景先生突然插话:“说这些做什么。都过去了。”然后,竟然站起来,扭头出去了!
张原香大为惊讶。
景先生精于闺艺,兼有才学。加上她性情优雅,待人和气。当日在张家族学,是被多少张家女儿看做偶像一样的人物存在的。张原香再想不到,竟然有一日,能听景夫人和她自己父亲说话这般不客气。她又怀疑,或者这其中有什么缘故……
景真祖父看了一眼景先生的背影。
然后,他对景真和张原香道:“你们姑姑过得不易,你们得体谅。”
景真和张原香互相看看,惶恐着一齐应了。二人都道:“这是侄儿侄媳当做的。”
景真祖父又看向景真父亲和景夫人道:
“我说前面说对时局的感觉不好,就是这几日,我家锋芒太盛。这又让我想起,当时先帝的事情。现在的这位陛下,先帝自己都说,这是最像他的一个儿子。想来不会错。这位陛下——只怕,未必喜欢看见臣子太出头。
“我左思右想,还是决定我们都回淮阳好了。只留真哥儿和他媳妇在。别一大家子挤在京城。京城繁华,也得有命才能享!”
景夫人忍不住像想说话。却被景真父亲抢先应了:“是。”景夫人便有些不快,有些埋怨的看了自己丈夫一眼。
景真祖父没管这些。他扫视了一眼下面的儿孙媳妇。又道:
“我景家,家财不少,儿孙不多。这说不好,哪个是福气,哪个是祸患。景真现在做的是禁中事。我们家中必得谨慎,一点都不能议论宫中事情。更不能在外面人面前露出轻狂儿样子来。宁肯让人看低了我们,觉得我们是土包子,这都没什么。别去争那些虚名!
张原香知道这话是说给景真和自己的,连忙仔细听了。景真祖父捋了一下胡须:
“你们都知道督厂,皇帝什么都知道!别沾沾自喜的跟人家说,宫里有什么,摆设有什么,皇帝一顿吃几个馒头。被人家称赞两声有什么用?多少人家就是犯在这一桩事儿里!抄家灭族,都不是不可能的事情。”
众人纷纷应了。
张原香又想,或者,可以等景夫人走了,也把这一番话约束家中的仆从。想到此后就是她来当家了。不由得有些兴奋,也有些忐忑。
于是当夜就端上蒸好的火肉白菜来。景家人各有心思,囫囵聚在一起吃了饭。又端上了青笋虾皮汤,蒸乳羊,炖鸽子之类几十个菜。因为景家难得的聚在一桌。于是菜也一齐上了。

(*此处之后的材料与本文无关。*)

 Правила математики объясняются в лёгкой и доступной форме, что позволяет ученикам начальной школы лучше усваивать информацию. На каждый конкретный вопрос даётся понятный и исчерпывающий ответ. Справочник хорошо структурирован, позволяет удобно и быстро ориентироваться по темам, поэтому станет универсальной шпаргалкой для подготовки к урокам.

这其中也有适合老年吃的,也有适合壮年吃的,也有滋阴的,也有壮阳的。兼之厨房从前一阵子请来的各处厨师那里新学了手艺,于是迫不及待的施展开了。
只是大家各自有想法,都忙着考虑。这吃的,却有些缺少滋味了。
…………
接下来几日,景夫人催人到金店银楼去打时兴首饰。准备回了淮阳后,送给小辈。又把张原香叫到面前耳提面命景家诸事。又把各库房的钥匙交给张原香,让她试着管理一番。

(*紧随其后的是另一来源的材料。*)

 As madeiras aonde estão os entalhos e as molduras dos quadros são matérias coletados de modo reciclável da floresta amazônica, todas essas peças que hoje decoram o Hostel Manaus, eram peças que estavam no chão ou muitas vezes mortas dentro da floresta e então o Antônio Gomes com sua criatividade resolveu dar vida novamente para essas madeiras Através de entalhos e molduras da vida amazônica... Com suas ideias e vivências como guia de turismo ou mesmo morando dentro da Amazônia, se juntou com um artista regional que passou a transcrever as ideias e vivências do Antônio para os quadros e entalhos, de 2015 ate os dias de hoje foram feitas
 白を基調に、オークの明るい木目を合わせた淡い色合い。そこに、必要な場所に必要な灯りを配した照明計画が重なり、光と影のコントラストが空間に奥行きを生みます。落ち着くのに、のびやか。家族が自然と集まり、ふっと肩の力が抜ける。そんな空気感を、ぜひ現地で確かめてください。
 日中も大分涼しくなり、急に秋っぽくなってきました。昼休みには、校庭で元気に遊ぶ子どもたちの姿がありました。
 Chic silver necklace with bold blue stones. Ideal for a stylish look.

两人又商议了家里的仆从。几位景家长辈大概会带走几乎一半的人马。不过考虑到景家祖父让大家低调,而后面只有张原香和景真两个人,那么只剩一半的仆从,其实也相当之多了。
说起仆从们之间关系的复杂性,只怕天下大部分的人家,都没办法跟张家这样的千年世家比。张原香初时还有点谨慎,没多久,就感觉得心应手颇有些游刃有余的感觉了。

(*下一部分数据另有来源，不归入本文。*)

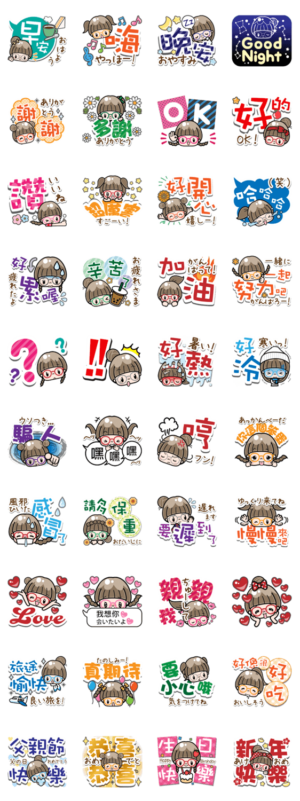 【台湾×日本語】二か国語★メガネ女子 スタンプ画像一覧

又有交好的人家送来程仪。还有景家几个同族的亲属准备一同返回淮阳。大家查了历书,看八月二十六是个宜出行的好日子。
景真恰好那一日不用轮班作侍读,便在翰林院也请了一日假。张原香留在景家,倒是张原吉在这一日提前过来了,准备和景真一起送景家几位长辈离开。
张原香见了哥哥很高兴。连忙让丫环去取她写给自家老娘的信。这是准备和张家一齐送给龙虎山的。两人只站住说了几句话就分开了。张原香有心问问张原吉的婚事。有想,可以过几天把哥哥请到家里单独来问。
马铃响车环动,前院启程了。
作者有话要说:
☆、一夜风雨多
景真从外面返回的时候,正过了午后。天色将阴未阴的,也不知道是不是准备下雨。
景真对张原香道,送行一切顺利。张原香起身给他脱了大衣裳,换上日常轻快的衣物。丫环倒了茶对坐下。
两个人都有些倦倦的。
张原香说:“你这些天既然是累了,不如趁今日休沐,这会儿歇个晌也好。”
景真想想也不错。自己脱了鞋上去躺下。却捉着张原香的手不让她走,有一句没一句的,说了些朝中的小道消息。某首辅怎么隐忍二十年把当年的仇家终于问罪,又或者某御史铁面无私不惧权贵之类。
张原香被他说的都有点迷迷糊糊的睡意了。正在考虑自己是不是也睡一会儿呢,或者是起来理事?突然就听见外面脚步声,慌慌张张的,然后便看见自己贴身丫头跑进来:
“外面有人传信,让做点准备,说张真人,一会儿就来呢!”
张原香喜悦之外顿时又有些疑惑!
自家老爹,她是知道的,因为位置特殊,一向……不怎么和普通人来往。按照张原香的印象,似乎张真人是从来不上别人门的。就连张原香嫁到景家,他都没有来过景家。今日怎么会想起登门!